Ars Technica reports that weeks after Lenovo said it would stop selling computers with Superfish adware installed, it's
still there for many purchasers of the company's laptops.
From the article:
Based on the experience of Ars readers Chai Trakulthai and Laura Buddine, Lenovo overstated both assurances. The pair recently examined a $550 Lenovo G510 notebook purchased by a neighbor, and their experience wasn't consistent with two of Lenovo's talking points. First, the PC was ordered in early February more than four weeks after Lenovo said it stopped bundling Superfish, and yet when the notebook arrived in late February it came pre-installed with the adware and the secure sockets layer certificate that poses such a threat.

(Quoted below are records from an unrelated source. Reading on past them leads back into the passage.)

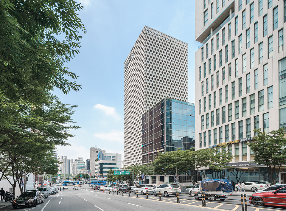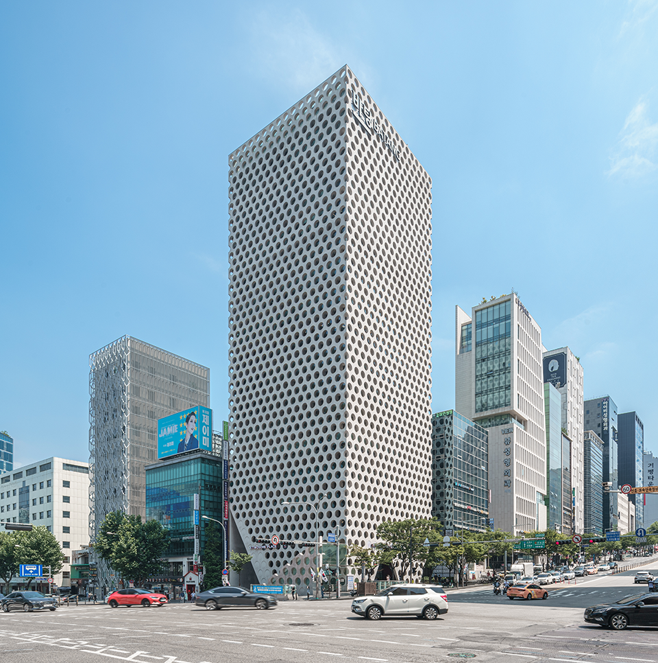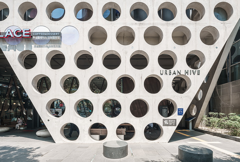 건축가 김인철이 설계한 어반파이브(Urban Hive)는 서울 강남에 위치한 상업용 오피스 빌딩입니다. 그는 '강남이라는 도시의 흥청대는 분위기'에서 이 건물 설계를 시작했다고 합니다. 도회의 욕망에 점령된 번잡과 혼란을 진정시키고, 차분하게 만들고 싶었다고 합니다.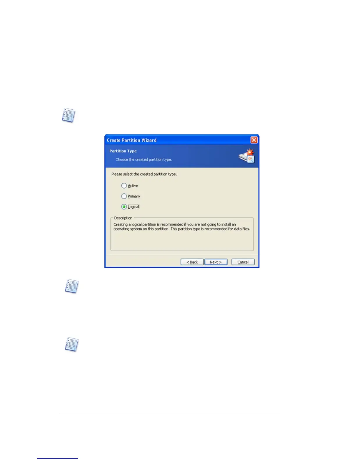 4. On the next wizard page, select partition type — Active (Active Primary), Primary or
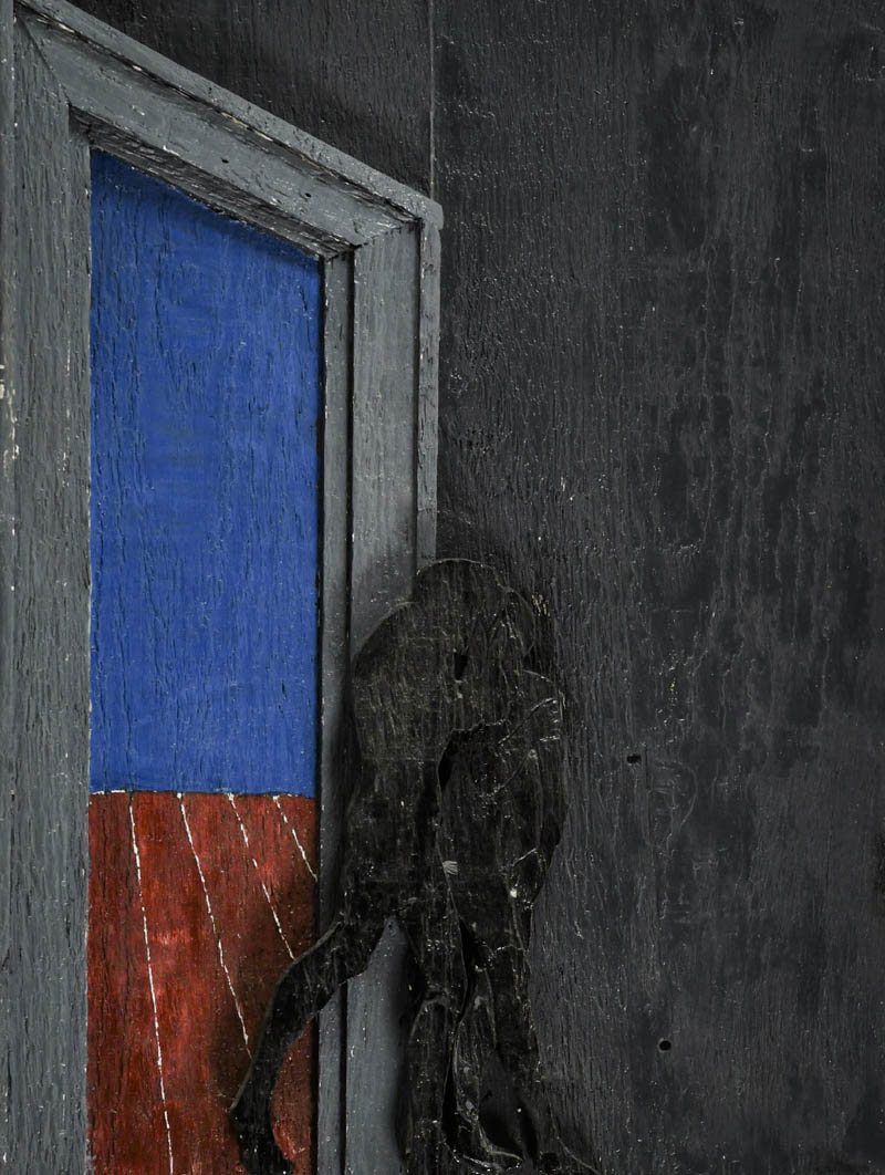 Mario Ceroli (Castelfrentano (Ch) 1938 ) La cacciata, Scultura in gesso dipinto, cm. 42x32x9, pezzo unico. Firmato sul lato sinistro. Autentica dell'Artista su foto.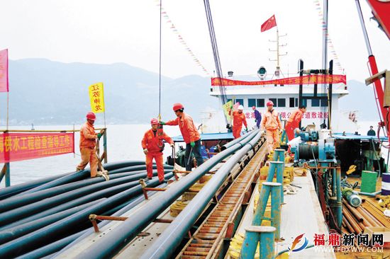 消除危机,刻不容缓,重筑水线,势在必行。今年2月,在市委、市政府的高度重视和各部门的通力协作下,沙埕镇党委、政府集思广益,立即研究制定了一份“应急供水海底管道改造工程”,并将其作为沙埕镇2014年的“一号工程”来抓,项目计划新建一条跨海海底管道,与“原沙埕镇跨海引水工程”岸上管道相连,建成后,日供水能力可达2500吨,充分满足沙埕镇群众用水要求。该工程总投资738.61万元,管道总长1930米,其中海底管道1720米,采用目前国内先进的钢丝网骨架塑料(聚乙烯)复合管,耐腐蚀且环保,该工程预计年底可竣工。据悉,为保证群众可以尽快并彻底解决用水难问题,工程施工方实行24小时轮班制,加快工程进度,以确保明年元旦前能实现为沙埕集镇5个村居1万多人的提供充足水源,改善人民群众生活、生产及当地驻军的生活条件。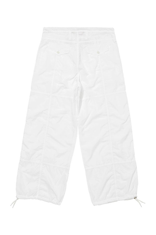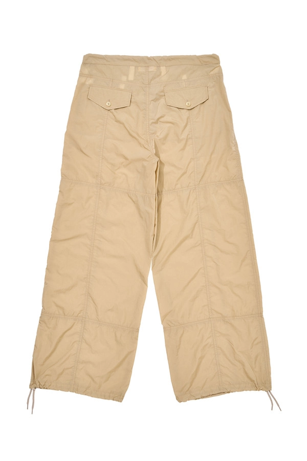- 핏: 남여공용으로 제작된 파라슈트 팬츠는 와이드 핏으로 제작되었으며, 허리 부분과 밑단에 스트링을 넣어 원하는 핏으로 조절이 가능합니다.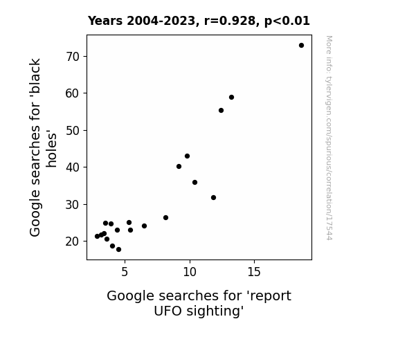 This means 86.1% of the change in the one variable (i.e., Google searches for 'report UFO sighting') is predictable based on the change in the other (i.e., Google searches for 'black holes') over the 20 years from 2004 through 2023.
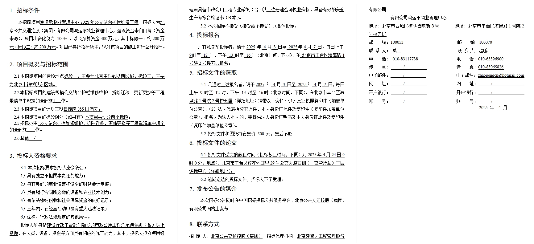 鸿运承物业管理中心2025年公交站台护栏维修工程招标公告
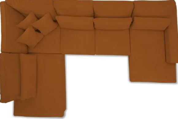 Hoekbank Romee van het merk Berg & Herk Meubelen heeft losse zit- en rugkussens en een robuuste zitting die doorloopt tot net boven de grond. De bank wordt standaard geleverd met de sier- en lendekussens die te zien zijn op de foto’s.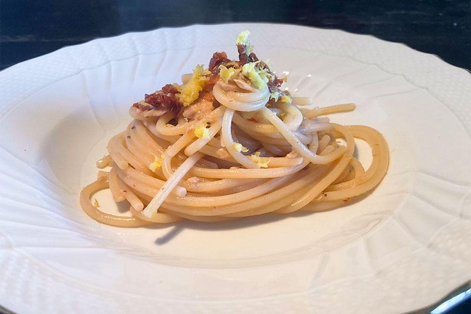 ... vi proponiamo questi spaghetti grandi con tonno, pomodori secchi, succo di pompelmo e sua buccia grattugiata. Contrasti, acidità, dolcezze. Velocità e leggerezza perché non aggiungiamo l'olio extravergine d'oliva. E' tutto già tutto ben condito. Buon Giovedì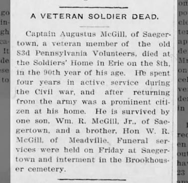 Captain Augustus McGill is buried in Brookhouser Cemetery, Hayfield Township, Pennsylvania, beneath that quiet stone. But let this stand as part of his true memorial: that he served faithfully, suffered nobly, loved deeply, and recorded a history no stone could contain.

"Lenovo may be saying they haven't installed Superfish since December, but the problem is that they are still shipping out systems with Superfish installed," Buddine said. "The Windows build had a date of December. They apparently aren't sorry enough to re-image the computers they have in stock to remove the problem and they're still shipping new computers with Superfish installed."
Supply chains are long, and hand-work is expensive, so this might not surprise anyone. Less forgivable, though is this finding, of the software provided to purge machines of the adware: "Lenovo's software didn't begin to live up to its promise of removing all Superfish-related data. Based on its own self-generated report, the tool left behind the Superfish application itself. A scan using the Malwarebytes antivirus program found the Superfish remnants VisualDiscovery.exe, SuperfishCert.dll, and a VisualDiscovery registry setting."